TASK INPUTS:
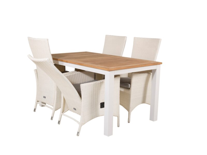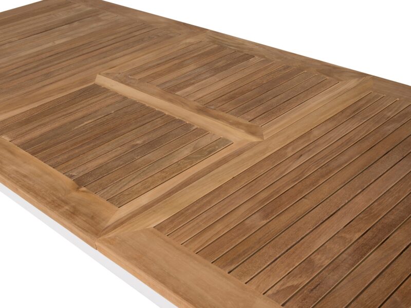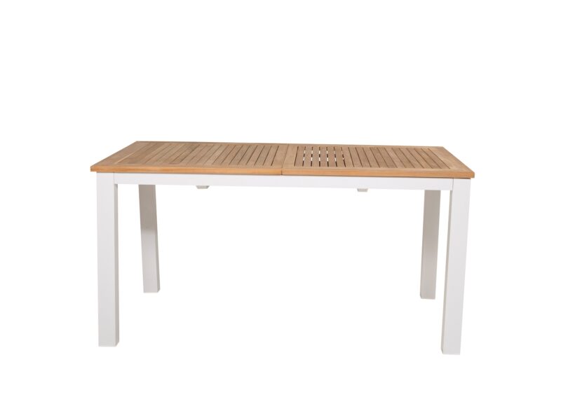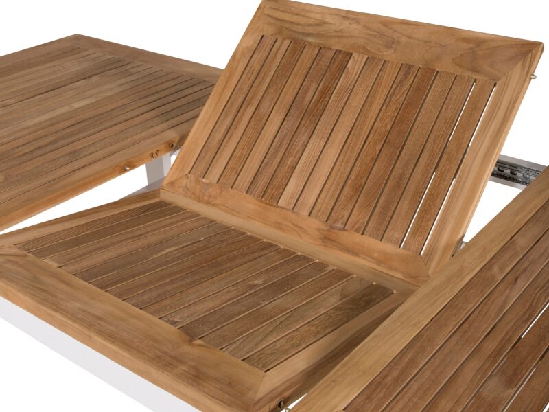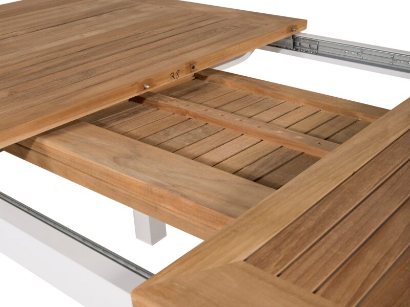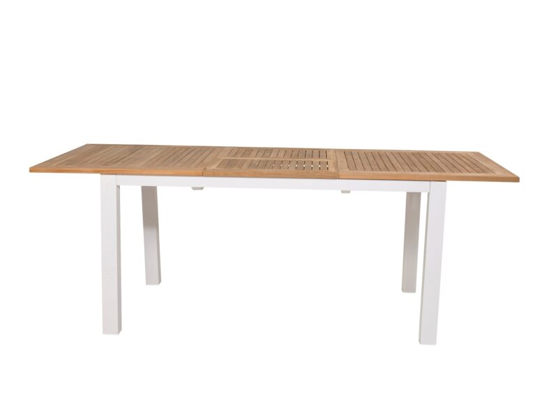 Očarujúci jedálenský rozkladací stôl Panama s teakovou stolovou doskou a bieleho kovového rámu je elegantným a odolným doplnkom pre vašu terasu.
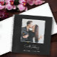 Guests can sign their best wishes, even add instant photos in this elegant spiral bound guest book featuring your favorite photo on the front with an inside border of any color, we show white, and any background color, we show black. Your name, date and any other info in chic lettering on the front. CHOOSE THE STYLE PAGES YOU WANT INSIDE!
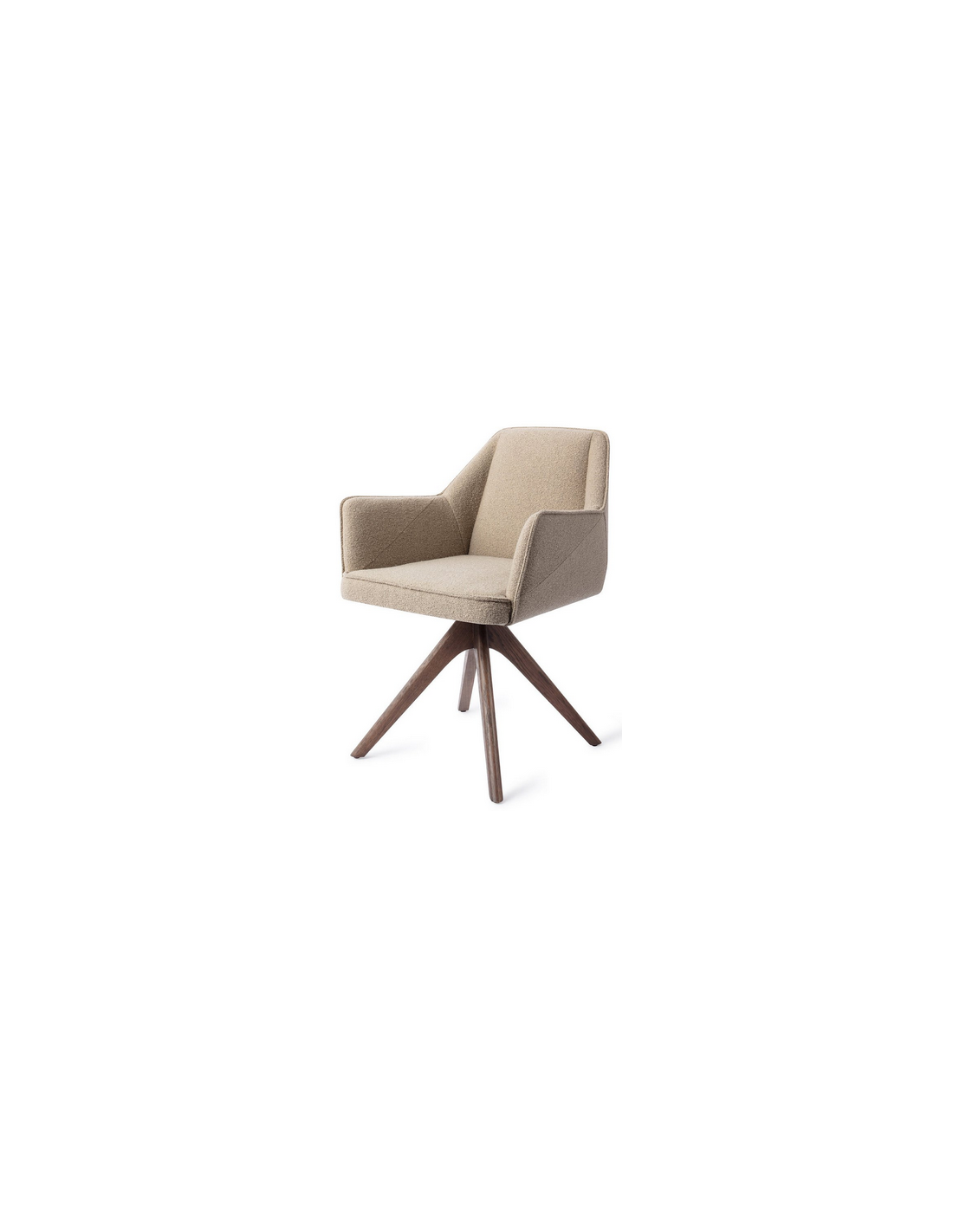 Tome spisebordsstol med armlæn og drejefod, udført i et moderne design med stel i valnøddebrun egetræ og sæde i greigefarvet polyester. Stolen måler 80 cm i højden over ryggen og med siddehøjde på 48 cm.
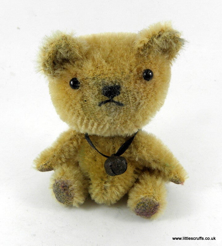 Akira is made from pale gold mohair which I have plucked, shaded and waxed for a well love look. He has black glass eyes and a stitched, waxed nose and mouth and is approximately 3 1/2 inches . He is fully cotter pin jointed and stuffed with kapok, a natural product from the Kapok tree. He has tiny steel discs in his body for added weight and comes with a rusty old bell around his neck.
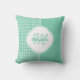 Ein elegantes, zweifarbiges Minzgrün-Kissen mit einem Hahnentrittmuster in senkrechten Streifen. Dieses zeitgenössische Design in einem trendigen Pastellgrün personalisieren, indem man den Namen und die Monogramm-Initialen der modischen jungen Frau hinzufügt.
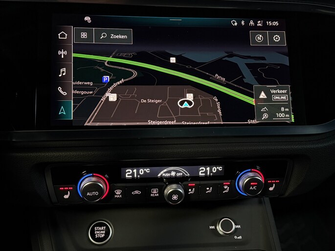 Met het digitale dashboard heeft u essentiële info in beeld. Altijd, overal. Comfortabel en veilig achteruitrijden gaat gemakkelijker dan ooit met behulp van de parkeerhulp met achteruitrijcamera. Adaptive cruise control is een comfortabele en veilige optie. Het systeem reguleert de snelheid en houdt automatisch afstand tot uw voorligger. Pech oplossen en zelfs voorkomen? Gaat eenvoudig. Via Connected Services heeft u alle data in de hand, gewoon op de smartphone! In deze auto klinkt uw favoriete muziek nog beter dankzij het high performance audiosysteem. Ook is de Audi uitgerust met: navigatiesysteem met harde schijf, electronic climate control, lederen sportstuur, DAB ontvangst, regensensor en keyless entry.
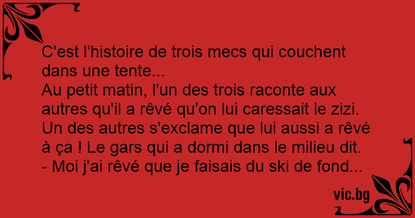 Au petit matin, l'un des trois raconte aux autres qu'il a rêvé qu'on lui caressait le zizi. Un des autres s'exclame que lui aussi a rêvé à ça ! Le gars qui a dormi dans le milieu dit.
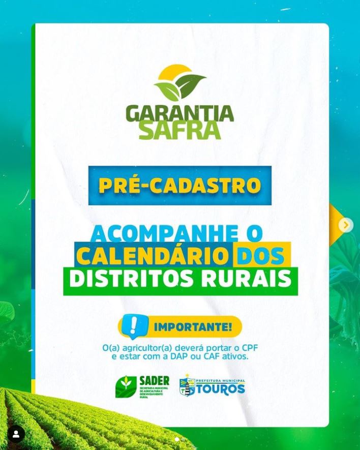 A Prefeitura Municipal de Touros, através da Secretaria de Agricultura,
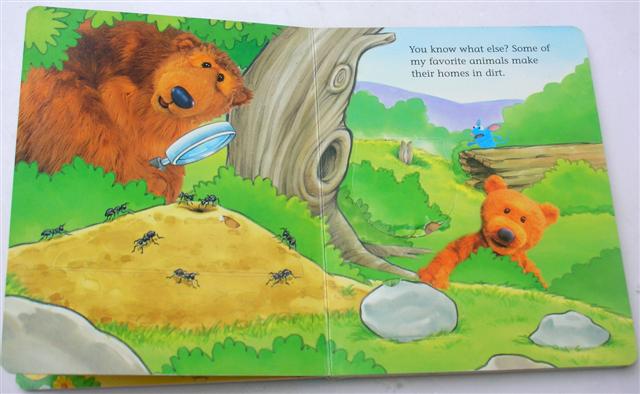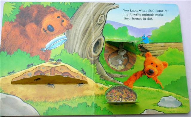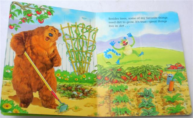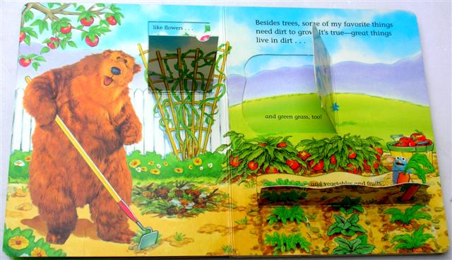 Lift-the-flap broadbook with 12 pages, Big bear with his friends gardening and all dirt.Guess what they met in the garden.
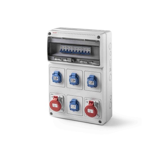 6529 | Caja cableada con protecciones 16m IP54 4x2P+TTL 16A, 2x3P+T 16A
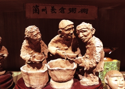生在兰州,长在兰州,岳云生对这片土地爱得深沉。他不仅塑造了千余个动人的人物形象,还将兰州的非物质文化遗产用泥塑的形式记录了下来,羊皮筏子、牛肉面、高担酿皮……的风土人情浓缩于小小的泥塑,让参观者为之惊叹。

EXERCISE BRIEF: Could you give all of the data again exactly as written, omitting any pictures?

RESPONSE FOR THIS EXERCISE:
 Očarujúci jedálenský rozkladací stôl Panama s teakovou stolovou doskou a bieleho kovového rámu je elegantným a odolným doplnkom pre vašu terasu.
 Guests can sign their best wishes, even add instant photos in this elegant spiral bound guest book featuring your favorite photo on the front with an inside border of any color, we show white, and any background color, we show black. Your name, date and any other info in chic lettering on the front. CHOOSE THE STYLE PAGES YOU WANT INSIDE!
 Tome spisebordsstol med armlæn og drejefod, udført i et moderne design med stel i valnøddebrun egetræ og sæde i greigefarvet polyester. Stolen måler 80 cm i højden over ryggen og med siddehøjde på 48 cm.
 Akira is made from pale gold mohair which I have plucked, shaded and waxed for a well love look. He has black glass eyes and a stitched, waxed nose and mouth and is approximately 3 1/2 inches . He is fully cotter pin jointed and stuffed with kapok, a natural product from the Kapok tree. He has tiny steel discs in his body for added weight and comes with a rusty old bell around his neck.
 Ein elegantes, zweifarbiges Minzgrün-Kissen mit einem Hahnentrittmuster in senkrechten Streifen. Dieses zeitgenössische Design in einem trendigen Pastellgrün personalisieren, indem man den Namen und die Monogramm-Initialen der modischen jungen Frau hinzufügt.
 Met het digitale dashboard heeft u essentiële info in beeld. Altijd, overal. Comfortabel en veilig achteruitrijden gaat gemakkelijker dan ooit met behulp van de parkeerhulp met achteruitrijcamera. Adaptive cruise control is een comfortabele en veilige optie. Het systeem reguleert de snelheid en houdt automatisch afstand tot uw voorligger. Pech oplossen en zelfs voorkomen? Gaat eenvoudig. Via Connected Services heeft u alle data in de hand, gewoon op de smartphone! In deze auto klinkt uw favoriete muziek nog beter dankzij het high performance audiosysteem. Ook is de Audi uitgerust met: navigatiesysteem met harde schijf, electronic climate control, lederen sportstuur, DAB ontvangst, regensensor en keyless entry.
 Au petit matin, l'un des trois raconte aux autres qu'il a rêvé qu'on lui caressait le zizi. Un des autres s'exclame que lui aussi a rêvé à ça ! Le gars qui a dormi dans le milieu dit.
 A Prefeitura Municipal de Touros, através da Secretaria de Agricultura,
 Lift-the-flap broadbook with 12 pages, Big bear with his friends gardening and all dirt.Guess what they met in the garden.
 6529 | Caja cableada con protecciones 16m IP54 4x2P+TTL 16A, 2x3P+T 16A
生在兰州,长在兰州,岳云生对这片土地爱得深沉。他不仅塑造了千余个动人的人物形象,还将兰州的非物质文化遗产用泥塑的形式记录了下来,羊皮筏子、牛肉面、高担酿皮……的风土人情浓缩于小小的泥塑,让参观者为之惊叹。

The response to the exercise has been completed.